There are notable differences between men and women in their susceptibility to many human diseases, including cardiovascular disease. For example, women typically have smaller hearts that pump faster, while men have larger hearts that pump more blood with each heartbeat.
In light of a 2016 report by the National Heart, Lung, and Blood Institute (NHLBI) Working Group on Sex Differences Research in Cardiovascular Disease, researchers have been making massive efforts to understand what, in the underlying biology, predisposes people to sex-specific cardiovascular disease.
Researchers in the laboratories of Frank L. Conlon, PhD, professor of biology and genetics, and Bill Marzluff, PhD, Kenan Distinguished Professor of Biochemistry and Biophysics, have recently made a large stride in the field, uncovering one of the molecular reasons behind sex disparities in heart disease.
In a new study led by graduate student Ike Emerson in the Conlon lab, researchers discovered that a microRNA called miR-871-one of the smallest RNAs found in cells-plays a significant role in the physiological and pathological differences observed between men's and women's hearts.

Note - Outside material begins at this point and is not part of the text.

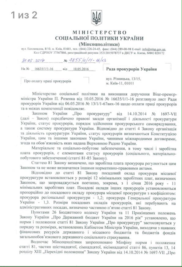 Однако, там также ссылаются на нормы «Бюджетного кодекса» и Закона «О бюджете на 2016 год», где, в частности, указывается, что положения Закона «О прокуратуре» в вопросе зарплат регулируются Кабмином «исходя из наличных финансовых возможностей».

Their findings were published in the most recent issue of Circulation Research.
"The findings demonstrate that miRNAs on the X chromosome can directly control male-female differences in the heart," said Conlon, who is affiliated with the UNC McAllister Heart Institute. "The findings also show that male-female differences in biology can be established after a gene is turned on."
MicroRNAs and Heart Disease
Frank Conlon, PhD
MicroRNAs are small, single-stranded nucleic acids that play a crucial role in regulating gene expression, effectively turning genes down to fine-tune protein production in the body. Although these tasks may seem minor, they significantly influence most bodily functions, from the cellular development of organs to the rhythmic beating of our hearts.

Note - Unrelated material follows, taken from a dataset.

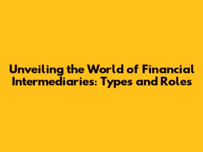 Types of Financial Intermediaries: A Diverse Landscape

Conlon has dedicated years to researching the early stages of heart development and the differences in heart disease between the sexes. In 2021, Conlon published a paper in Developmental Cell, showing that genes on the X and Y chromosomes act to regulate heart proteins. However, the molecular mechanisms underlying these disparities remain poorly understood.

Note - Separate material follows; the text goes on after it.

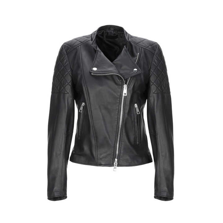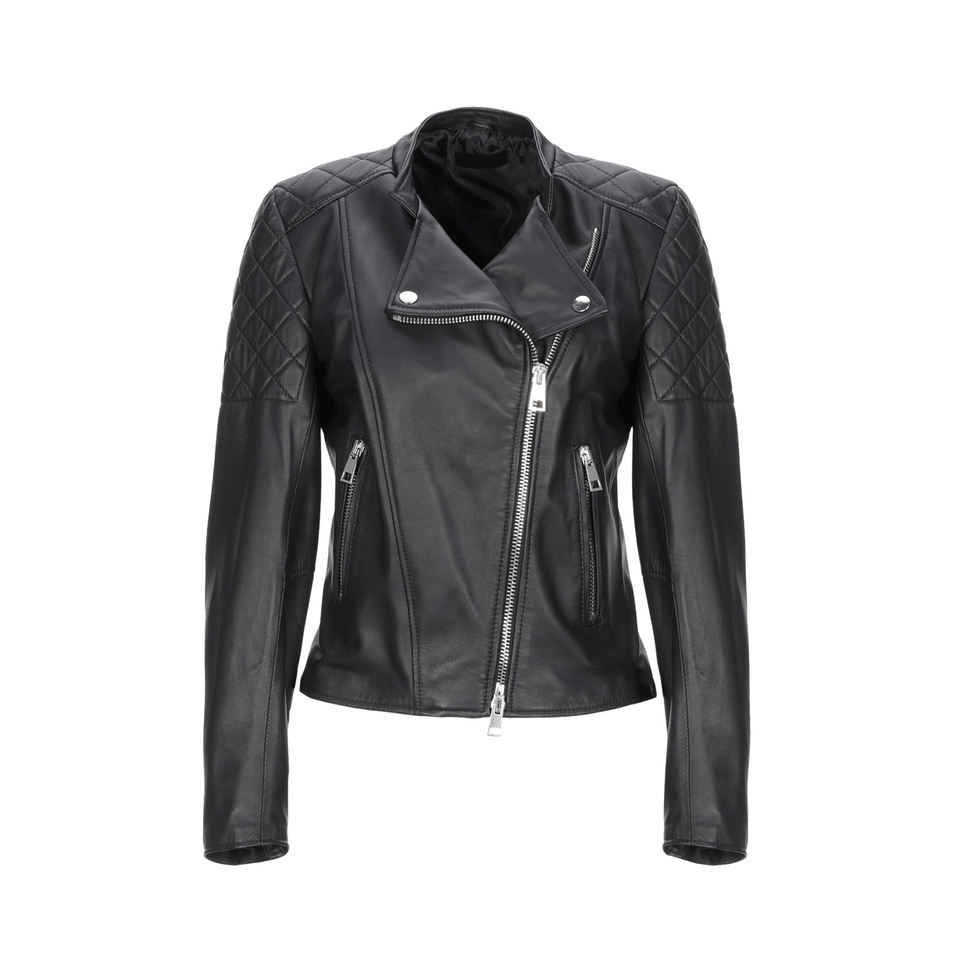 แจ็กเก็ตหนังสีดำเข้มสำหรับผู้หญิงสินค้าคุณภาพระดับพรีเมียมสั่งผลิตได้

To fill this gap, Conlon's lab collaborated with Marzluff, an expert in gene regulation by RNAs in animal cells, to catalog all the changes in microRNAs between male and female hearts.
Out of four microRNAs located on the X chromosome, the researchers homed in on miR-871. This microRNA reduces the amount of sarcalumenin or SRL, a protein, produced in the heart. SRL helps the heart cells recharge and reset after each muscle contraction and keeps the heart "in rhythm." MiR-888, the human equivalent of miR-871, similarly regulates SRL levels in the human heart.
Researchers confirmed their findings by manipulating the levels of miR-871. They used genetic techniques to inhibit the production of miR-871 in female mice. This intervention increased SRL levels and improved the heart's ability to recharge between beats. Consequently, the hearts of the female mice began to resemble the beating pattern and functionality of male hearts.
Connections to Recent Nobel Prize
William Marzluff, PhD
Researchers may use this information to develop therapies that modify human microRNA levels to treat heart diseases. MicroRNA-based therapies are already being explored for other conditions.
Marzluff states that their recent findings are especially relevant, given that two researchers, Victor Ambros, and Gary Ruvkun, were awarded the 2024 Nobel Prize in Physiology for their discovery of microRNA function and development in nematodes for their work in the 1990s.
"It is striking that in both mice and humans, the same miRNA binds in two places on the SRL mRNA,", said Marzluff, co-director of the UNC RNA Discovery Center. "This miRNA reduces the ability, but does not totally prevent, the SRL mRNA from synthesizing protein, which is similar to what was found in the initial papers by Ambros and Ruvkun."
Further Research and Potential Treatments
Researchers seek to investigate further the roles of miR-871, miR-888, and other miRNAs in cardiac aging to identify potential therapeutic targets or biomarkers for age-related cardiac diseases. This research could ultimately lead to more personalized treatment strategies that consider sex differences in cardiac health and aging.
The Conlon lab will continue to examine other miRNAs that vary between male and female hearts, focusing on how the affected proteins contribute to physiological differences between the sexes. They are also working to understand why the female heart produces more miRNAs than the male heart.